Prawo i Sprawiedliwość poinformowało, że podatek bankowy może pojawić się najwcześniej w 2017 roku. Chwilę po tej informacji notowania banków na warszawskiej GPW wystrzeliły.
Chwilę po godzinie 11:00 na GPW drożały wszystkie banki. Najmocniejsze wzrosty można było obserwować na spółkach Leszka Czarneckiego: Getin Noble (+18,4%) i Getin Holdingu (+8,1%). Ponad 6% zyskiwały jednak również BOŚ i mBank, ponad 5% Handlowy, Millennium oraz PKO BP, a ponad 3% BZ WBK.. Najsłabszym z rodzimych banków był Idea Bank, który znajdował się na 0,7% plusie. Na porannym fixingu WIG-Banki umacniał sie o 3,7%. Kapitaliazcja sektora wzrosła dziś o około 8 mld zł.
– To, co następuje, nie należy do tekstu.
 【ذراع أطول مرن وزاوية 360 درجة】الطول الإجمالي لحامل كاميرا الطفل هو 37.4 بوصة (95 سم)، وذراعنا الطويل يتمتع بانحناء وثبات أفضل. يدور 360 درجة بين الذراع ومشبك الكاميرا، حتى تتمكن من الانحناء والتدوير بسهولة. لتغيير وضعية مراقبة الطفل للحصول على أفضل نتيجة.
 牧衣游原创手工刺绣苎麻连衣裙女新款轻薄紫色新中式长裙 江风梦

GPW chodzi na pasku polityków
Przez wiele lat analitycy powtarzali jak mantrę: polityka nie ma wpływu na giełdę. Ten komunikat przestał być aktualny. Od kilku miesięcy politycy trzęsą warszawskim parkietem. A to wyjdzie minister skarbu i zagoni spółki energetyczne do ratowania upadających śląskich kopalń węgla kamiennego. Innym razem rząd „podgrzeje” notowania KGHM-u sugerując obniżkę podatku od kopalin.
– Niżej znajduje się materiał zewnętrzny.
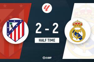 上半场补时7分钟,马竞2-2皇马。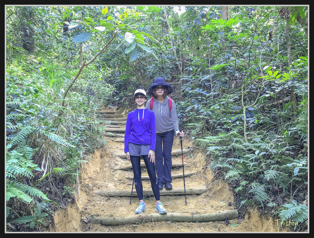 但是我們就直接走進後山的登山步道了。步道雖然上下高程變化不算大,但還是有些段落要走階梯的...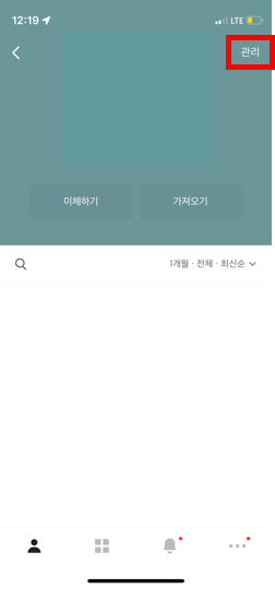 빨간색 네모칸을 누르면 두 번째 사진이 나오는데 오른쪽 위에 있는 [관리]를 눌러주세요.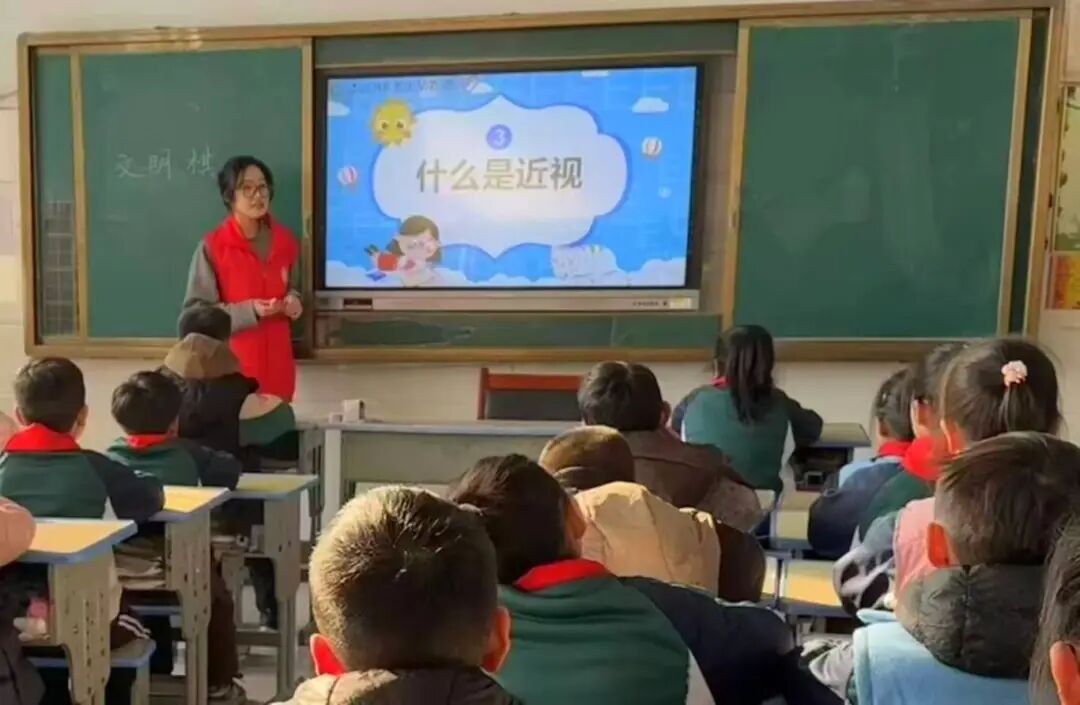 “看动画20分钟要休息多久?”“胡萝卜和辣椒谁是护眼冠军?”“眼睛最爱哪种运动?”知识问答环节,PPT上的趣味题目接连抛出,孩子们举手如林、抢答不停,答对者收获“护眼徽章”,答错了也认真记下正确答案。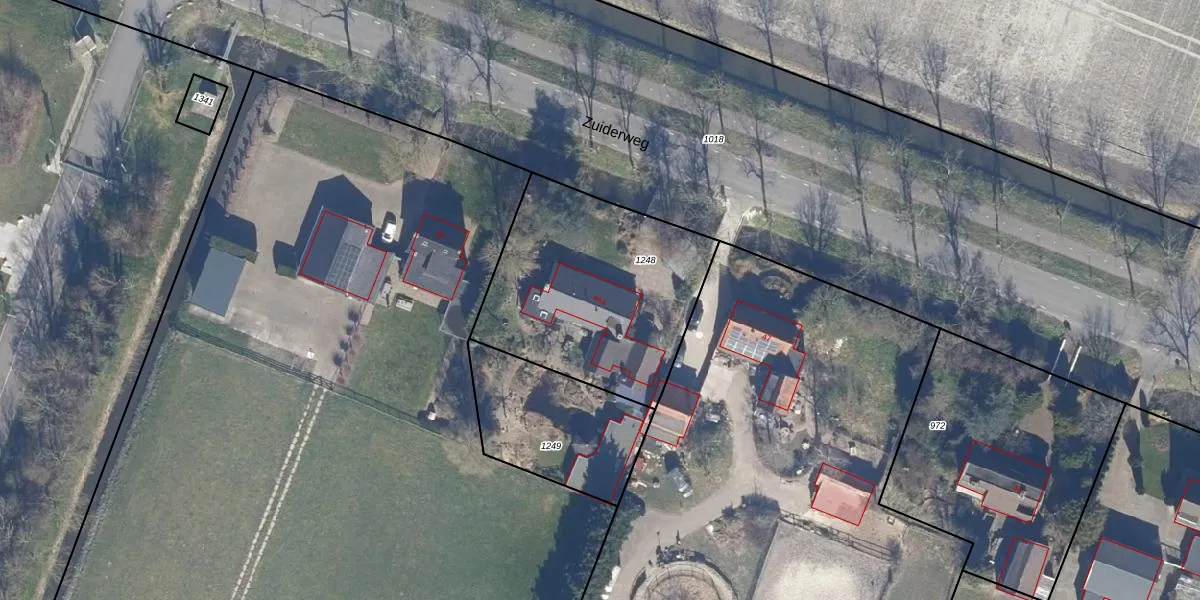 Het perceel waarop Zuiderweg 46-a staat heeft een oppervlakte van 994 m². Dit is een groot perceel. De perceeloppervlakte wordt geregistreerd door het Kadaster. Gedetailleerde informatie over de maten van dit perceel kunt u vinden in het rapport Kadastrale kaart met maatvoering van Zuiderweg 46-a.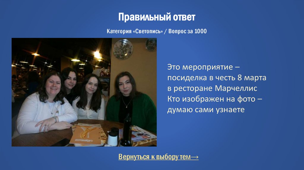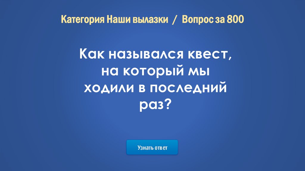 26. Правильный ответ Категория Наши вылазки / Вопрос за 800

Opozycja nie jest lepsza. A to w trakcie sesji ogłosi projekt ustawy znoszącej kagiemne. Albo kandydatka na premiera uderzy w notowania banków propozycją nowego podatku. Albo też inny poseł PiS „wyskoczy” z propozycją odłożenia w czasie jeszcze nieistniejącego jeszcze podatku. W takich warunkach trudno mówić o rozsądnym inwestowaniu. Im szybciej skończy się szkodliwy dla Polski festiwal obietnic wyborczych, tym lepiej nie tylko dla inwestorów, ale też dla nas wszystkich.
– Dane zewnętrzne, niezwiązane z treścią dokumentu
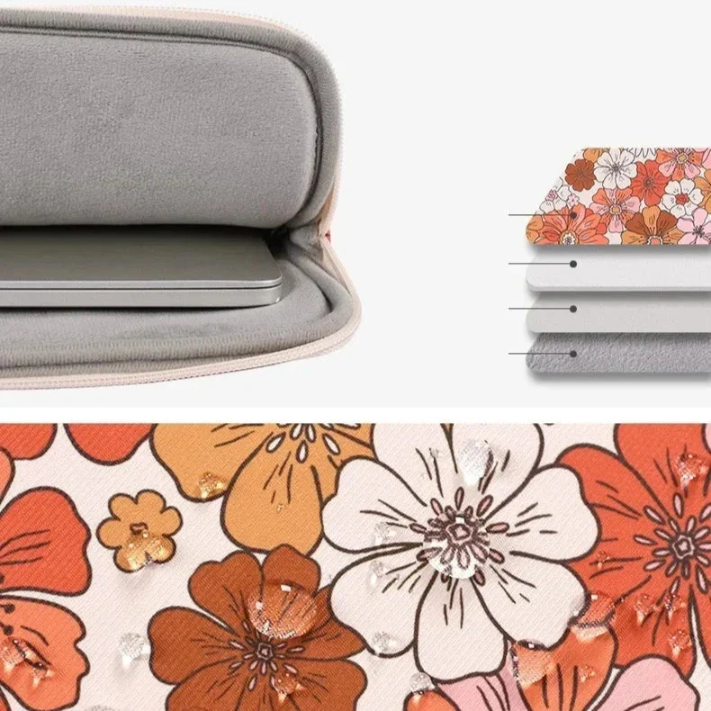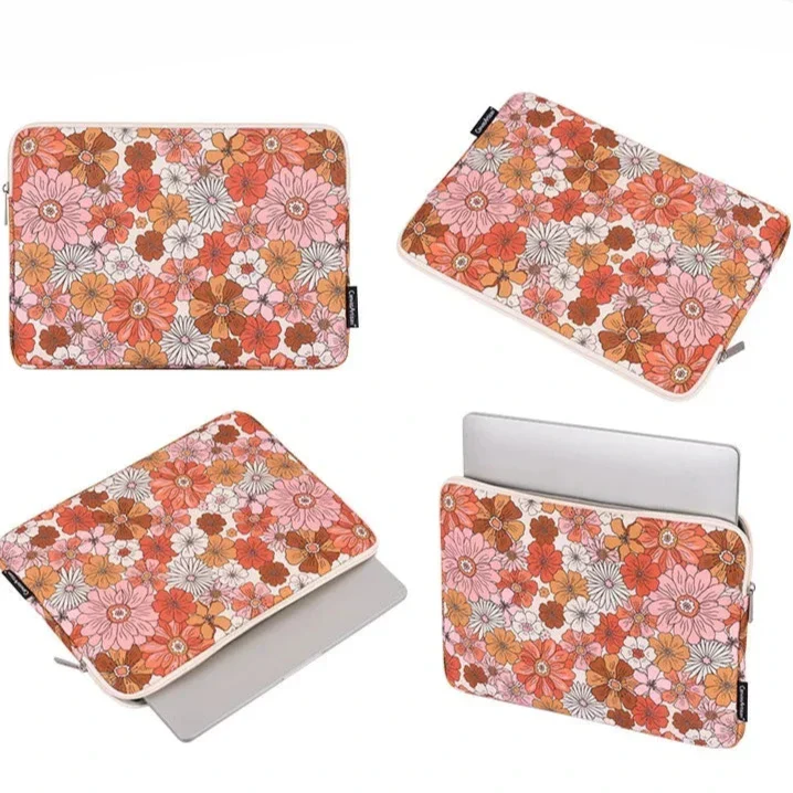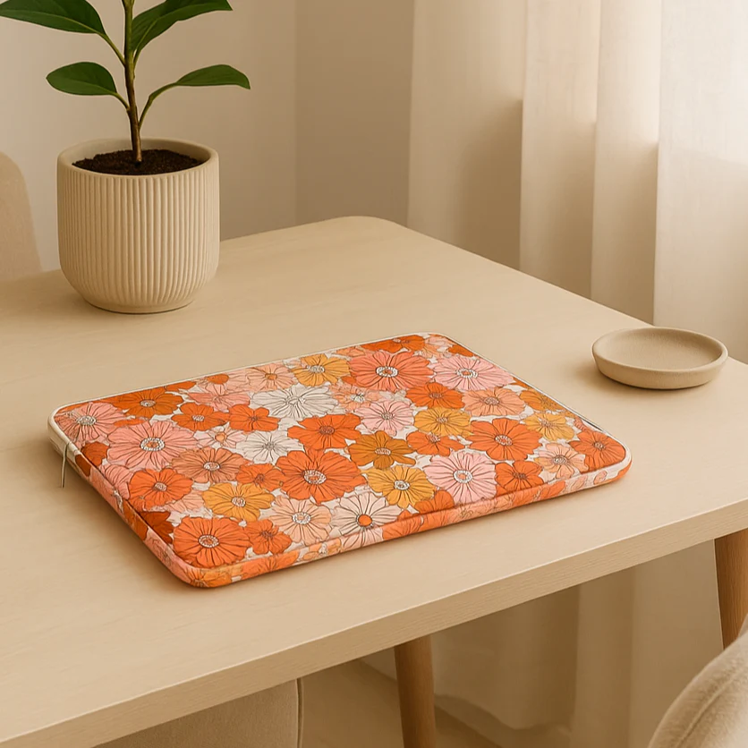 Protégez votre ordinateur avec style grâce à cette housse en tissu style Liberty, ornée de motifs floraux tendance dans des tons orange et rose. Conçue pour séduire par son charme intemporel, cette housse combine élégance et fonctionnalité.

Ruch ten spowodowany był wypowiedzią Henryka Kowalczyka (PiS), który powiedział Reutersowi: "Istnieje niewielkie prawdopodobieństwo by udało się wprowadzić podatek od supermarketów, bądź banków w 2016 roku. Zakładając, że nowy rząd wyklaruje się pod koniec listopada, będzie zbyt mało czasu by wprowadzić tak znaczące zmiany przed rozpoczęciem przyszłego roku".
Przeczytaj także
Podatek bankowy jest czarnym scenariuszem, który wisi nad sektorem od czasów pierwszej tury wyborów prezydenckich (początek maja 2015 roku). Według pomysłu Prawa i Sprawiedliwości banki miałyby oddawać państwu równowartość 0,39% wartości swoich aktywów. Pomysł ten, w połączeniu z dyskusją o przewalutowaniu kredytów frankowych popsuł klimat wokół całego sektora bankowego, który stał się ciężarem dla całej polskiej giełdy.
Przeczytaj także
Dzisiejsza informacja zmienia jednak nieco sentyment, ponieważ póki co rynek obawiał się, że podatek może się pojawić już w 2016 roku. Jak widać rok funkcjonowania bez podatku "na gorąco" rynek wycenił średnio na 3-4% wartości banków. Reakcja może wydawać się więc nieco przesadzona. Szczególnie, iż wprowadzenie podatku w 2016 wcale nie było wcześniej pewnikiem.